Dopo le saldature e un comprensibile periodo di grazia e appagamento, ci siamo rimessi in marcia per continuare questa crociata faticosa ma lodevole.
Due righe su quanto appena affermato.
Più andiamo avanti e più ci rendiamo conto dell’importanza del nostro progetto; pur con tutti i limiti della cosa e dimensione: ma sì, siamo orgogliosi di diffondere giorno dopo giorno, un messaggio di Rinascita (Rebound), attraverso il Riuso e la Riduzione.
Crediamo fermamente che il mondo debba invertire rotta, fare un passo indietro e ricominciare da dove abbiamo sbagliato. L’obiettivo? Crescere economicamente in modo sostenibile!
Effettivamente inizio a ripudiare il termine “decrescita”, in quanto fuorviante e preso facilmente di mira dagli oltranzisti; qui non si tratta di de-crescere, ma di Crescere sul serio, materialmente e moralmente; discorso complesso ora e che ho comunque affrontato, spero in maniera esauriente, nel mio ultimo libro “Si deve fare”.
Pertanto preferisco definirmi “crescista sostenibile”. Ed è bene che i giovani comprendano tutto ciò, così come l’importanza di far propri gli insegnamenti delle vecchie generazioni, epoche in cui le cose si recuperavano, si riparavano; sia perché nuove magari non ve n’erano facilmente e a porta di mano come oggi; sia perché nel caso, il notevole costo ne testimoniava la durevolezza e non la bestemmia odierna dell’obsolescenza programmata.

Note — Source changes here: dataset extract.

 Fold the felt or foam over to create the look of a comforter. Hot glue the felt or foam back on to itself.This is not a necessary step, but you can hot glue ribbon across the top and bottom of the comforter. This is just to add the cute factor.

Beni di lavoro o meno, venivano prodotti per durare nel tempo. Poi abbiamo smarrito la strada. Ma è da qui che dobbiamo ripartire se vogliamo rinascere, risorgere, appunto.

 

Lavori

Ebbene lungo il corso delle ultime settimane ci siamo divisi tra “eventi crotonesi”, volti anche alla nostra causa e diversi lavori incombenti.
Uno tra questi è stato quello di tagliare gli ultimi serbatoi strutturali… stavolta delle acque nere.

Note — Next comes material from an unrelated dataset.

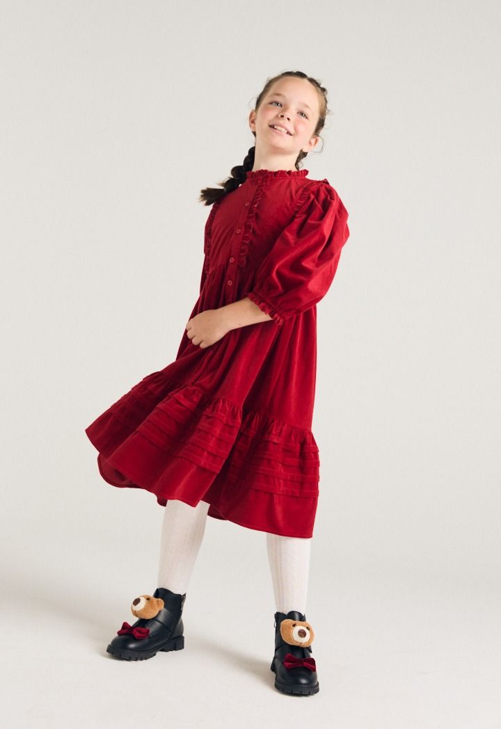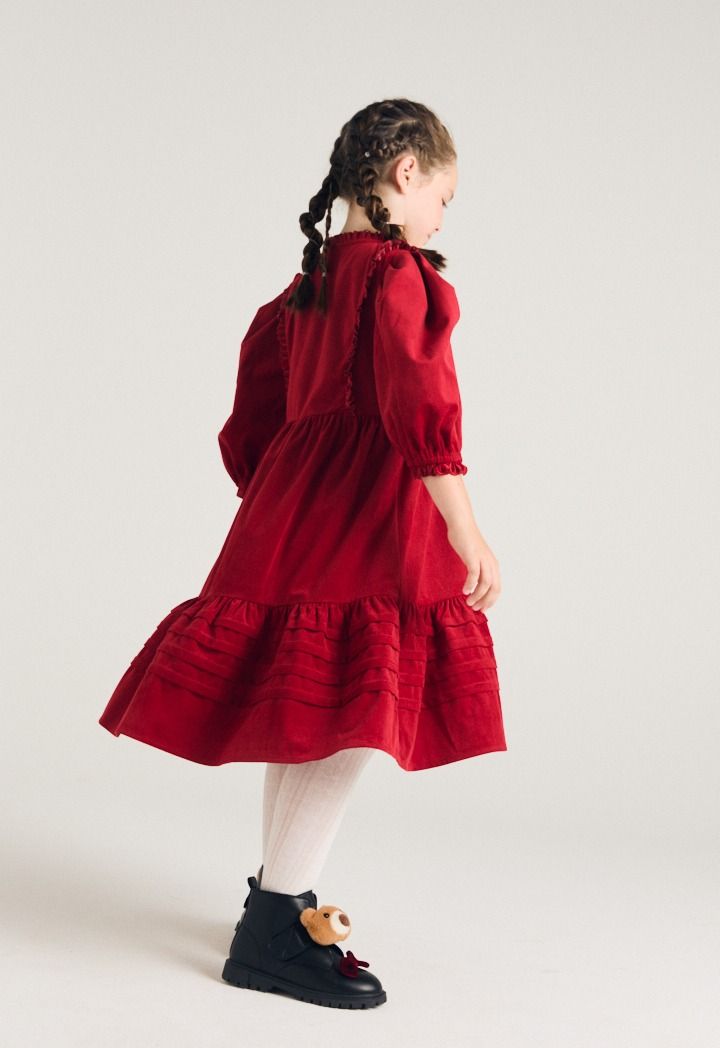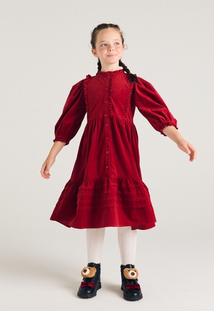 Design : Solid, Velvet, Ruffled, Embroidered, Drop Waist

Il crescendo di profumi specifici, andava di pari passo solamente con la visione idilliaca di escrementi ridotti in pergamene e pallette varie, visti gli oltre 12 anni di inutilizzo.
Dato che ho affrontato un girone dantesco, il minimo che voi lettori possiate fare è quello di schifarvi almeno nel leggere e immaginare.
Dunque dopo aver scoperchiato i serbatoi, ho iniziato rimuovendo il grosso con il mio fedele Multimaster.
La scena è la seguente: io in tuta da pittore, maschera del tipo anti radiazioni e guerre batteriologiche, cuffie antirumore e guanti resistenti non tanto a rischi meccanici, quanto alla pioggia dei materiali di risulta che piovevano dalle “pareti e soffitti”; aggiungiamo temperature ancora troppo estive, qui in Calabria, ed eccomi a soffrire stoicamente, asciugandomi il sudore ogni 3 per 2 e cambiando la maglietta intrisa di fatica, almeno ogni mezz’ora.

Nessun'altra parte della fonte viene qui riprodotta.